Provided material:

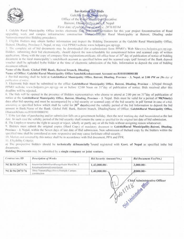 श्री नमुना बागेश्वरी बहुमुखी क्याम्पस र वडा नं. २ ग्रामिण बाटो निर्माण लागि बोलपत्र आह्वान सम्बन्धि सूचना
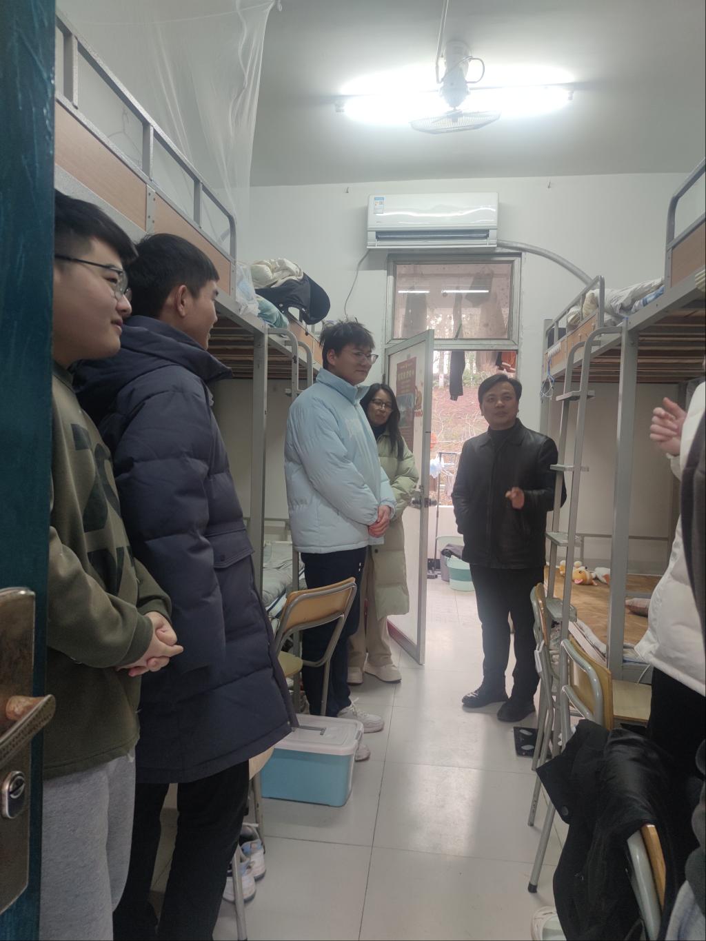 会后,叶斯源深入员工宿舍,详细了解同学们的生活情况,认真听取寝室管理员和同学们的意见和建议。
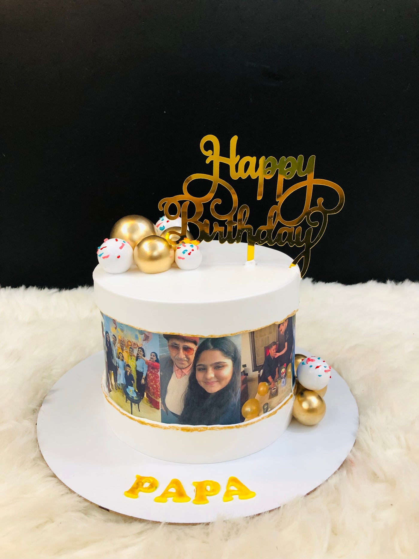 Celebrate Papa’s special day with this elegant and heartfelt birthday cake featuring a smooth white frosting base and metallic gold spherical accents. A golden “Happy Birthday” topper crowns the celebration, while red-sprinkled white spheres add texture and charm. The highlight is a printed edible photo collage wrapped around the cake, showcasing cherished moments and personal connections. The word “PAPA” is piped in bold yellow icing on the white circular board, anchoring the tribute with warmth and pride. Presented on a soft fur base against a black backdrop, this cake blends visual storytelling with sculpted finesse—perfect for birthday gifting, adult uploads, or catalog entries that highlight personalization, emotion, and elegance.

Work request: When repeating the listing, keep each line exact and exclude the pictures.

Exercise solution:
 श्री नमुना बागेश्वरी बहुमुखी क्याम्पस र वडा नं. २ ग्रामिण बाटो निर्माण लागि बोलपत्र आह्वान सम्बन्धि सूचना
 会后,叶斯源深入员工宿舍,详细了解同学们的生活情况,认真听取寝室管理员和同学们的意见和建议。
 Celebrate Papa’s special day with this elegant and heartfelt birthday cake featuring a smooth white frosting base and metallic gold spherical accents. A golden “Happy Birthday” topper crowns the celebration, while red-sprinkled white spheres add texture and charm. The highlight is a printed edible photo collage wrapped around the cake, showcasing cherished moments and personal connections. The word “PAPA” is piped in bold yellow icing on the white circular board, anchoring the tribute with warmth and pride. Presented on a soft fur base against a black backdrop, this cake blends visual storytelling with sculpted finesse—perfect for birthday gifting, adult uploads, or catalog entries that highlight personalization, emotion, and elegance.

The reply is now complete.